Associate Professor University of Massachusetts Amherst Amherst, Massachusetts, United States
Introduction:: The Inflammasome, an intracellular multimeric protein complex that induces metabolic inflammation has been implicated in the onset and progression of the majority of chronic inflammatory diseases. This innate immune response involves the activation of the caspase-1 enzyme responsible for cleaving inactive inflammatory cytokines and other downstream proteins to their respective active forms that eventually lead to pyroptosis and enhanced immune response. Current techniques provide a limited understanding of real-time inflammasome kinetics during a disease progression and the mechanisms of inflammasome activation during disease progression remain poorly understood due to lack of proper tools and techniques. Moreover, one of the shortcomings of the existing platforms include short circulating half-life and reduced bioavailability which makes them inefficient for clinical use. These aspects can be addressed by the use of nanoparticles which not only increase the bioavailability of the probe in inflamed sites but also increases their retention via a sustained release. Here, we propose to design a nanoreporter encapsulated with a caspase-1 cleavable probe, that could enable real-time inflammasome monitoring in-vivo, during an inflammatory disease progression and image the efficacy of inflammasome-targeted agents in real-time.

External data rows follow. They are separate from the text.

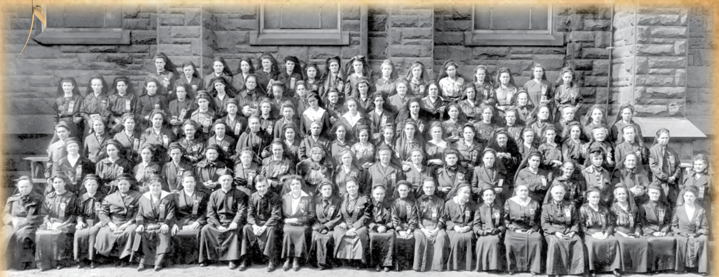
SP. PRE. P. MARIE CIS-12. I. K. S. Z. J. ZALOŽENE SEPT. 17. 1893
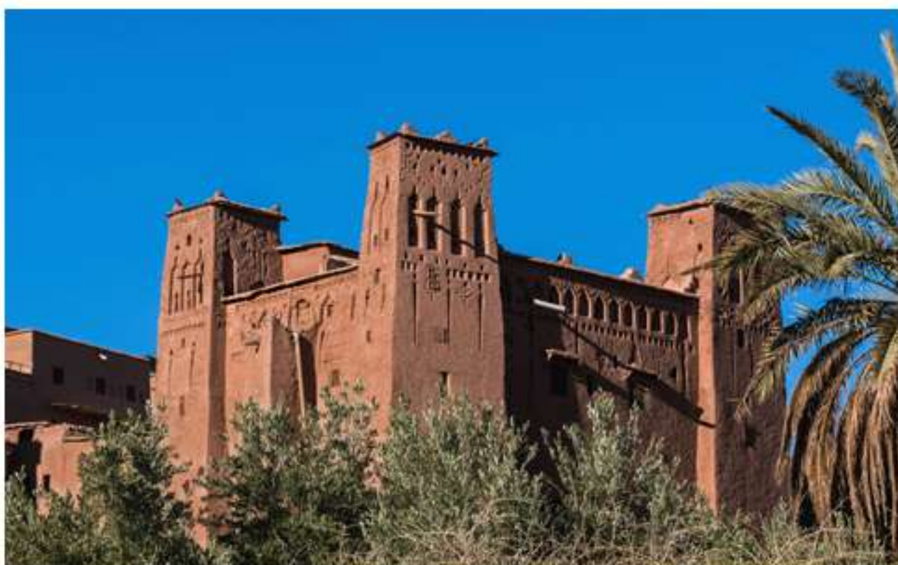
Explore the UNESCO heritage Fortified Village of Ait Benhaddou
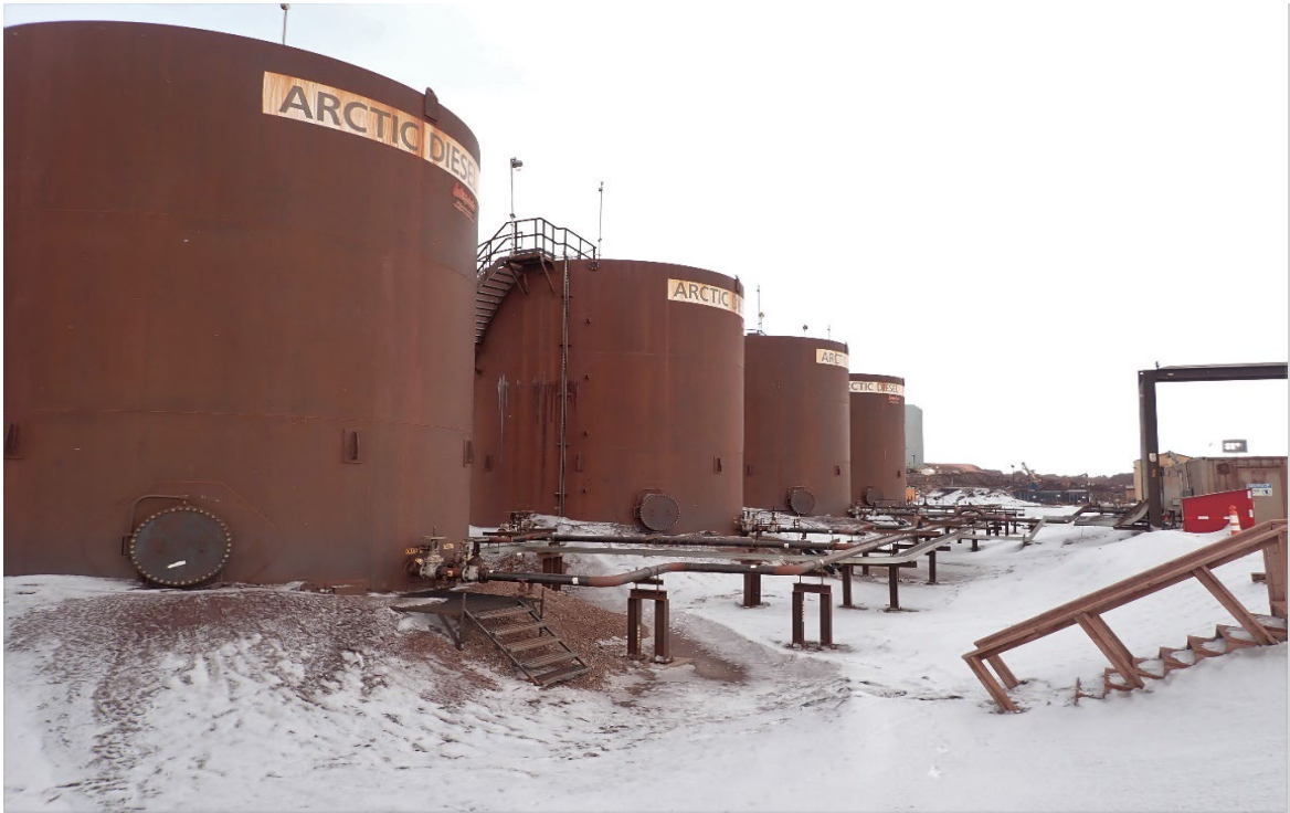
Photo 39. Mine Site Bulk Fuel Storage Facility (MS-03) for Vehicle and Equipment Re-fuelling- May
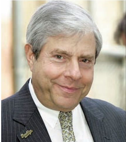
Cultural Enabler, HON. MARTY MARKOWITZ
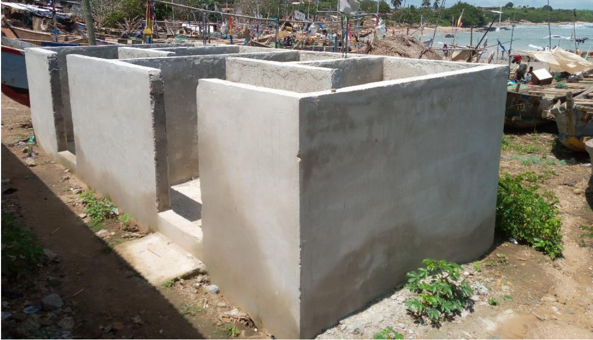
Figure 28: Community bath centre at Gomoa Dago with Premix Fuel Proceed

Construction of classroom blocks in the following communities;
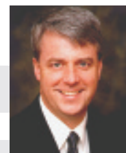
Rt Hon Andrew Lansley
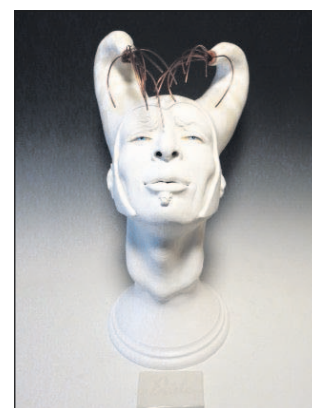
"Pride," a ceramic sculpture by Pamela Mummy at RiverSea Gallery.

Holly McHone Jewelers creates individual custom-designed jewelry. Create something new with your own
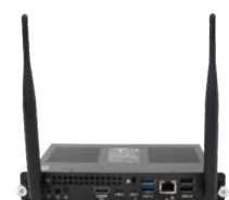
SMART OPS PC Module The power of Windows® 11 Pro—no laptop needed

Materials and Methods:: We first synthesized nanoreporters by encapsulating with a caspase-1 activatable probe (containing a dye and a quencher, conjugated via caspase substrate) in a lipid nanoparticle. Next, these nanoreporters were characterized for size, zeta potential and stability using Dynamic Light Scattering (DLS). Caspase-1 free probes were also tested and validated using recombinant enzymes before proceeding toward cell-based assays. For in-vitro activity studies, immortalized bone marrow-derived macrophages (iBMDMs) were used. We designed a high-content microscopy imaging analysis assay to quantitatively analyze inflammasome activation in iBMDMs after treatment with nanoreporters and monitor the kinetics at different conditions including concentrations and time points. We also performed nanoreporter uptake analysis, lactate dehydrogenase (LDH) assay (to measure membrane integrity), western blot analysis to measure activated caspase-1 levels, and ELISA assay to measure IL1β and IL18 cytokine levels. Finally, we evaluated the efficacy of nanoreporter in monitoring inflammasome activation in the DSS-induced colitis model.

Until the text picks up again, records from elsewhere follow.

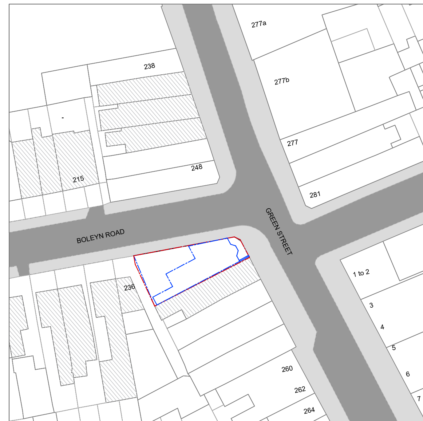
EXISTING BLOCK PLAN SCALE - 1:500
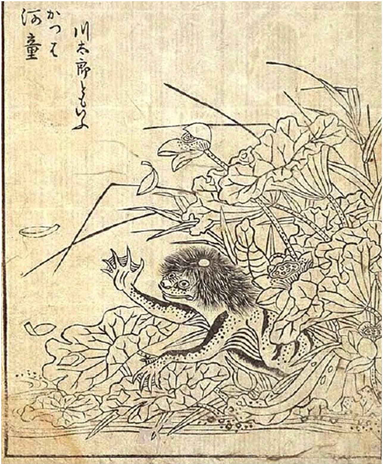
Written by Toriyama Sekien (1718~88)
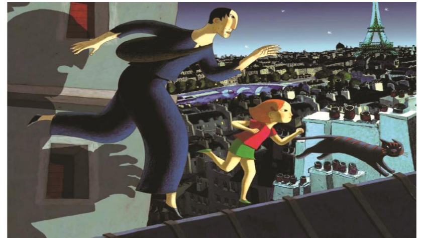
"A Cat in Paris" (France) 84 th Academy Awards Nominee
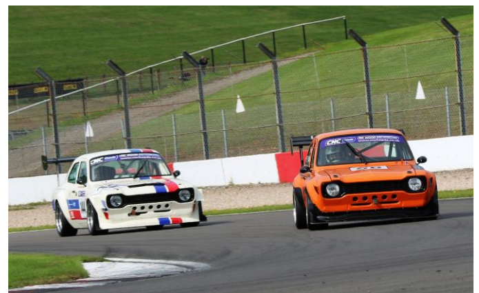
Piers Grange and Tim Foxlow in their beautiful Escorts

The classes are divided by engine size with A and D above 2500cc, B and E 1600cc to 2500cc and C and F up to 1600cc.
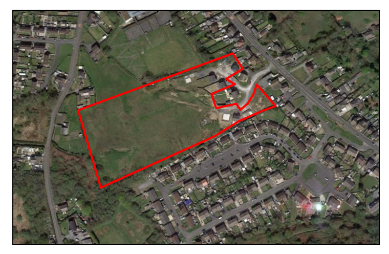
Photograph 1

Access to the allocation is currently gained off Cae Linda, that being a residential street as cam be seen below.
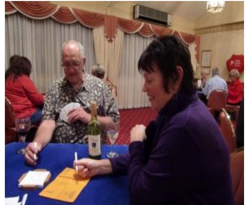
The only way to play (wine at hand)
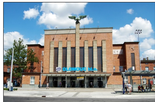
Olomouc Main Train Station
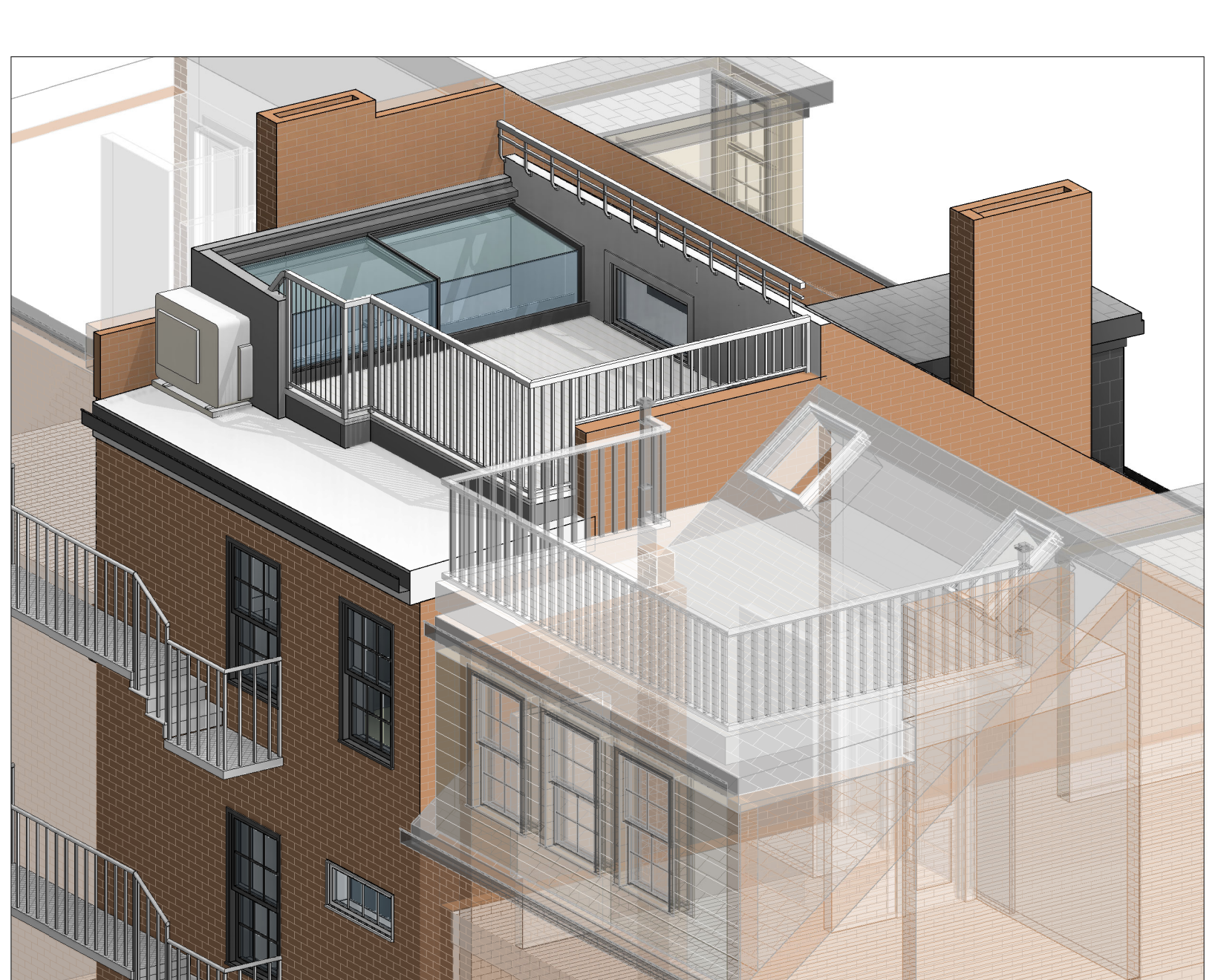
5 3D ROOF DECK BACK

Results, Conclusions, and Discussions:: Results and Discussion: Inflammasome nanoreporters showed a loading of 80% caspase-1 probe. Stability studies indicated that nanoreporters are stable for a month in PBS and atleast 24hours in serum. DLS studies indicated the nanoreporters’ average hydrodynamic size to be around 100-150nm with a neutral zeta potential. Furthermore, probe testing and validation studies displayed increased fluorescence intensity over time by active recombinant caspase-1 but no signal by the active caspase-3 enzyme when incubated with a reporter probe, indicating that that the probe is specifically responsive to caspase-1 enzyme activity. The internalization and colocalization studies specified 4 hours of treatment as the optimum time point for the future set of experiments. In-vitro nanoreporter activity testing displayed a significantly higher signal at 45minutes of nigericin treatment as compared to 0minute treatment when imaged using confocal. We demonstrated that the nanoreporter enables time-dependent and selective imaging of inflammasome activation which correlates with the ASC speck formation, cytokines release and pyroptosis. Altogether, our system exhibits an efficient monitoring of inflammasome activation in-vitro. Studies in the DSS-induced colitis model demonstrated robust inflammasome-specific monitoring and treatment efficacy (Figure 1).

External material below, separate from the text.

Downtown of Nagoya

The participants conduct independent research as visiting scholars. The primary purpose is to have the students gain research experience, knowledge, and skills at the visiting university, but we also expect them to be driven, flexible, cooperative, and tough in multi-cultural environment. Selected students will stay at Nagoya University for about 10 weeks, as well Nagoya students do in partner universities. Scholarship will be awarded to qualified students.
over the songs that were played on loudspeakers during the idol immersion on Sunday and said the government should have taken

Conclusions: We have successfully demonstrated efficient in vitro imaging of active caspase-1 (an important inflammasome marker) in inflammasome-activated bone-marrow-derived macrophages. We have further translated this into animal models, specifically inflammatory models. This system overall will help in a better understanding of the kinetics of active caspase-1 and inflammasome activation in vivo during a disease progression. It also helps in detecting inflammation early-on and identifying targeted treatment efficacy during disease progression.